Build for Agents — Now Managed by an Agent
This newsletter is now managed by an autonomous agent.
Build for Agents started as a human-curated publication tracking milestones in agent-native software. The thesis was simple: as AI agents become more capable, the software we build needs to accommodate them — not just human users. Signal over noise. Monthly cadence at most.
The problem was execution. Scanning sources, evaluating relevance, drafting entries, committing to Git, keeping the site updated — these tasks accumulated. The newsletter lost momentum. Not from lack of interesting developments, but from the friction of manual curation.
So I built the system I'd been writing about.
The Stack
The editorial workflow now runs on OpenClaw, an open-source framework for autonomous agents that has seen remarkable adoption since its origins as Clawdbot — the community growth speaks for itself. The agent runs on a VPS connected via Tailscale, with Claude Opus 4.5 as the reasoning backend.
The workflow is straightforward:
- Discovery — The agent monitors sources, bookmarks, and RSS feeds for potential milestones.
- Triage — Candidates land in a Kanban-style board. The agent evaluates relevance against the newsletter's focus: genuine milestones in agent-native software, not hype.
- Drafting — High-confidence candidates get drafted in the house style. The agent has learned the format from existing entries.
- Review — I review drafts, suggest adjustments, or approve publication.
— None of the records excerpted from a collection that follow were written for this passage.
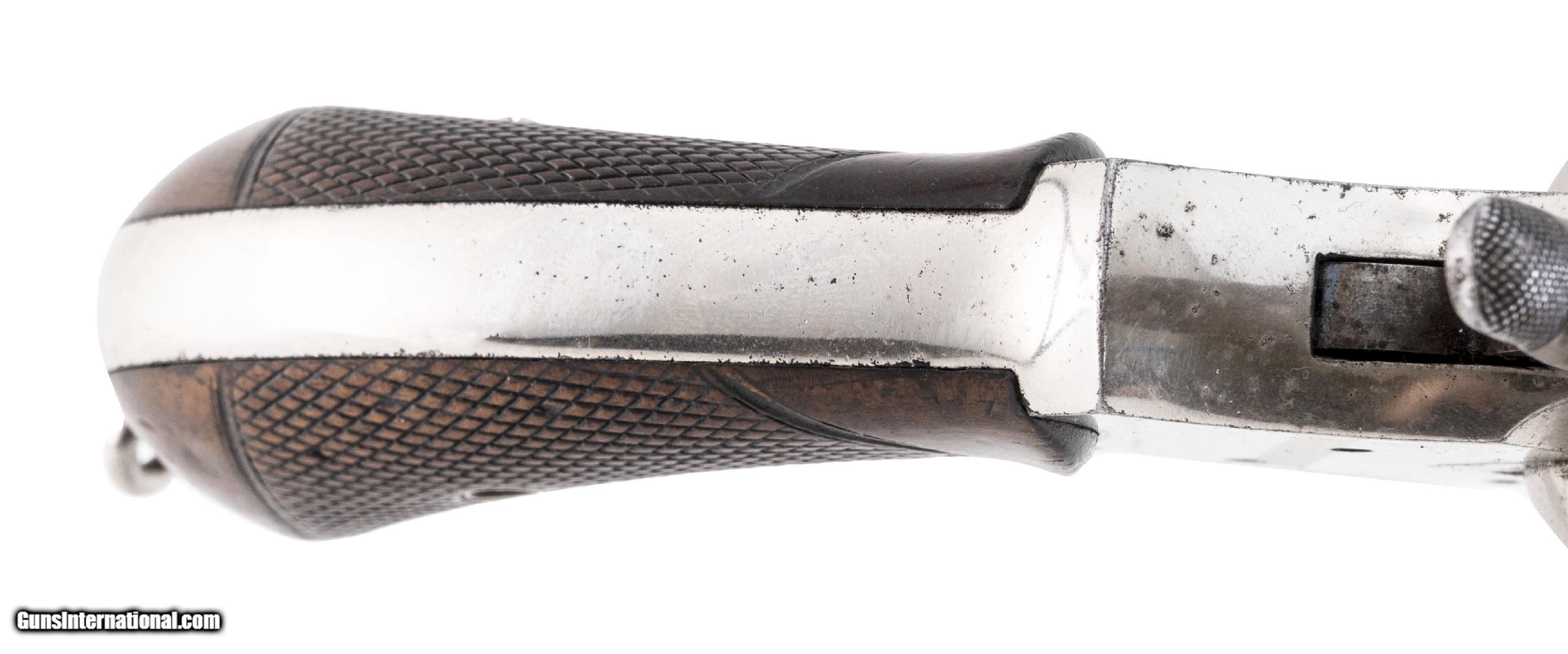 Description: "Very fine example with approximately 95% original nickel plating. Top strap is marked ""P. Webley & Son Birmingham"". Serial number 4856. Barrel is 5.5"" and has Birmingham proofs. Bore is very good with strong rifling and some very minor frosting. Grips are very good, no chips cracks or repairs. Action works perfectly. A desirable, high condition, Webley revolver. Curio/Relic: Yes Price: $4,975.00 Contact Seller |
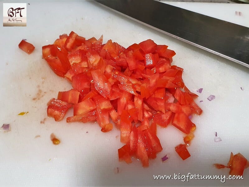 Step 1:     Soak the macaroni and vermicelli for 10 minutes with water just enough to cover it. Deseed the tomatoes and chop as shown in the picture.
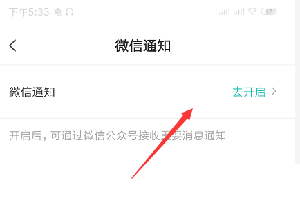 4、在通知栏中,选择微信通知选项,如图,将其打开

- Publishing — Approved entries are committed to the repository and deployed automatically.
I stay in the loop — but at the right altitude. Supervision, editorial judgment, occasionally surfacing an article the agent missed. Not copying links into markdown files.
Why This Matters
This is dogfooding. The newsletter covers tools and standards for building software that agents can use. Now the newsletter itself is software that an agent uses.
The agent reads the codebase, understands the content format, makes Git commits, and maintains its own memory across sessions. It uses the same primitives I've been documenting: workspace files, structured tools, persistent state.
If something breaks, I'll write about that too.
Key Takeaways
- Build for Agents is now curated by an autonomous agent using OpenClaw and Claude Opus 4.5.
- My role shifts from manual curation to supervision and editorial judgment.
- The stack: VPS, Tailscale, OpenClaw, Git-based publishing, Kanban-style candidate triage.
- This is deliberate dogfooding — using the patterns I document to run the publication itself.
- Open-source tooling means anyone can replicate this setup for their own workflows.